• Task goal: Your copy should match the listing below word for word, with no images in it.

• Dataset section:
___
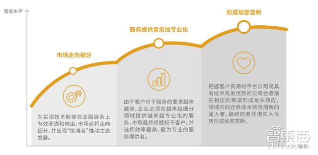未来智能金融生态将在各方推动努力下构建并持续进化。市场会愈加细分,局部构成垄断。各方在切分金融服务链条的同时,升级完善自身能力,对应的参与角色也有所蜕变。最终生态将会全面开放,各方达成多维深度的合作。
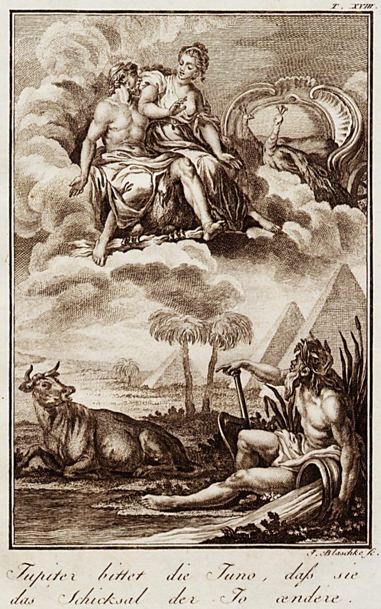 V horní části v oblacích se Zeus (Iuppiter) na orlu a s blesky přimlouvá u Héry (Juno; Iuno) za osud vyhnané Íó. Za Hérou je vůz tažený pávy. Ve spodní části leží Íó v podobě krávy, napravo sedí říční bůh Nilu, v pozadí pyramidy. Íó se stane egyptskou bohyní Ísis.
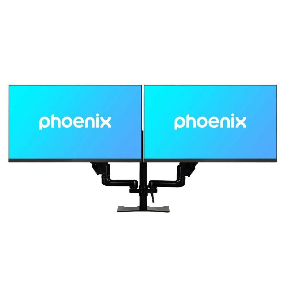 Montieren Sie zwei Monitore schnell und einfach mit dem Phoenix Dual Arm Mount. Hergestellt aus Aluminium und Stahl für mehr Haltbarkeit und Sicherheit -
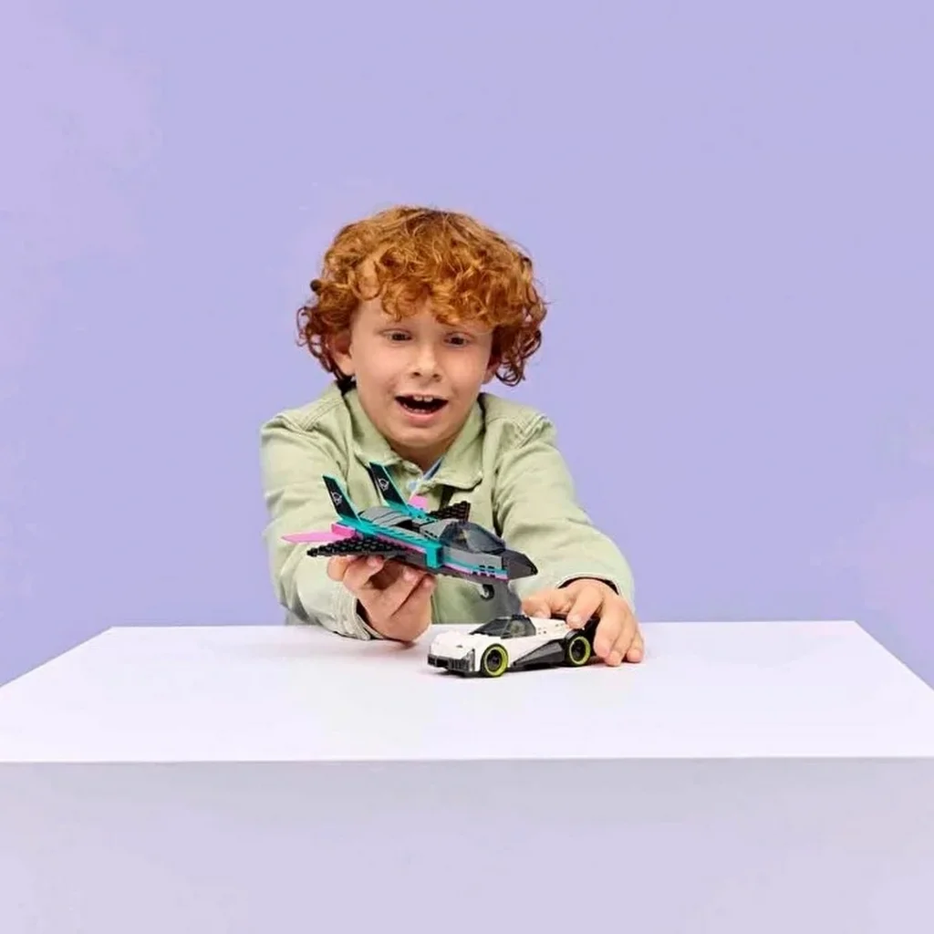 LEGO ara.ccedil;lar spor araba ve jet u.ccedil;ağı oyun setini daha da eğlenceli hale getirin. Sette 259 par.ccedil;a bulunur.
___
• Solution for this problem:
未来智能金融生态将在各方推动努力下构建并持续进化。市场会愈加细分,局部构成垄断。各方在切分金融服务链条的同时,升级完善自身能力,对应的参与角色也有所蜕变。最终生态将会全面开放,各方达成多维深度的合作。
 V horní části v oblacích se Zeus (Iuppiter) na orlu a s blesky přimlouvá u Héry (Juno; Iuno) za osud vyhnané Íó. Za Hérou je vůz tažený pávy. Ve spodní části leží Íó v podobě krávy, napravo sedí říční bůh Nilu, v pozadí pyramidy. Íó se stane egyptskou bohyní Ísis.
 Montieren Sie zwei Monitore schnell und einfach mit dem Phoenix Dual Arm Mount. Hergestellt aus Aluminium und Stahl für mehr Haltbarkeit und Sicherheit -
 LEGO ara.ccedil;lar spor araba ve jet u.ccedil;ağı oyun setini daha da eğlenceli hale getirin. Sette 259 par.ccedil;a bulunur.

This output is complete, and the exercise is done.